» **Record set**:
****************************************
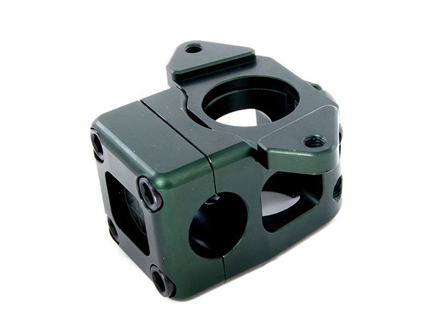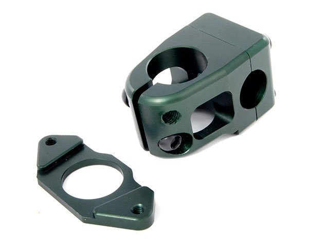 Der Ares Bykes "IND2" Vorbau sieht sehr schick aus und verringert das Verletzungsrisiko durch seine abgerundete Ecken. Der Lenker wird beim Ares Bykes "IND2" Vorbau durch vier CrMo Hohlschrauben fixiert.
****************************************
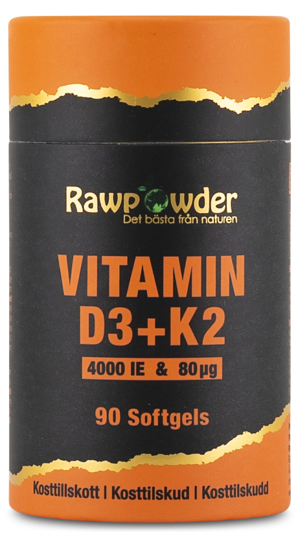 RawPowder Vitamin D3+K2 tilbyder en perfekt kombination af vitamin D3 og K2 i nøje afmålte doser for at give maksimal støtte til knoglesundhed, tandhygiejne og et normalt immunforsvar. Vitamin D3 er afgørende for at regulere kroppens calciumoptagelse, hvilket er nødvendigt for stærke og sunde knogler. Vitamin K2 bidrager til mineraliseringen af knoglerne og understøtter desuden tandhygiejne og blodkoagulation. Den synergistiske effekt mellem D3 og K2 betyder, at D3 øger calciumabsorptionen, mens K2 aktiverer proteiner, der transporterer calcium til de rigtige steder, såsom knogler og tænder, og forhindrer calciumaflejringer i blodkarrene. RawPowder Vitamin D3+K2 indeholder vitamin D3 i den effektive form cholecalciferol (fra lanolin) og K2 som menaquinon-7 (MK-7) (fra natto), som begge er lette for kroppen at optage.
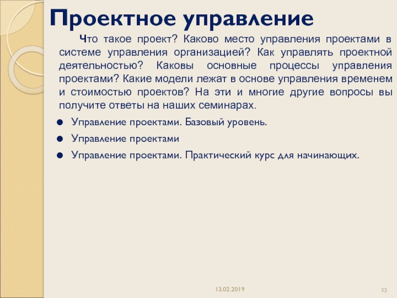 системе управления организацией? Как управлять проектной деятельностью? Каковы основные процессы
****************************************
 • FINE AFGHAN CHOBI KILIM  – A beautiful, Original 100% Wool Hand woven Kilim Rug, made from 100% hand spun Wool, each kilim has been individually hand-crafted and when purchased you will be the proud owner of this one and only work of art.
****************************************
» **Your instructions**: Look above for the line with "RawPowder Vitamin D3+K2 tilbyder", then print it and each line after it down to and including the line with "системе управления организацией?". Leave out the pictures and keep the wording exact.

» **Problem solution**:
 RawPowder Vitamin D3+K2 tilbyder en perfekt kombination af vitamin D3 og K2 i nøje afmålte doser for at give maksimal støtte til knoglesundhed, tandhygiejne og et normalt immunforsvar. Vitamin D3 er afgørende for at regulere kroppens calciumoptagelse, hvilket er nødvendigt for stærke og sunde knogler. Vitamin K2 bidrager til mineraliseringen af knoglerne og understøtter desuden tandhygiejne og blodkoagulation. Den synergistiske effekt mellem D3 og K2 betyder, at D3 øger calciumabsorptionen, mens K2 aktiverer proteiner, der transporterer calcium til de rigtige steder, såsom knogler og tænder, og forhindrer calciumaflejringer i blodkarrene. RawPowder Vitamin D3+K2 indeholder vitamin D3 i den effektive form cholecalciferol (fra lanolin) og K2 som menaquinon-7 (MK-7) (fra natto), som begge er lette for kroppen at optage.
 системе управления организацией? Как управлять проектной деятельностью? Каковы основные процессы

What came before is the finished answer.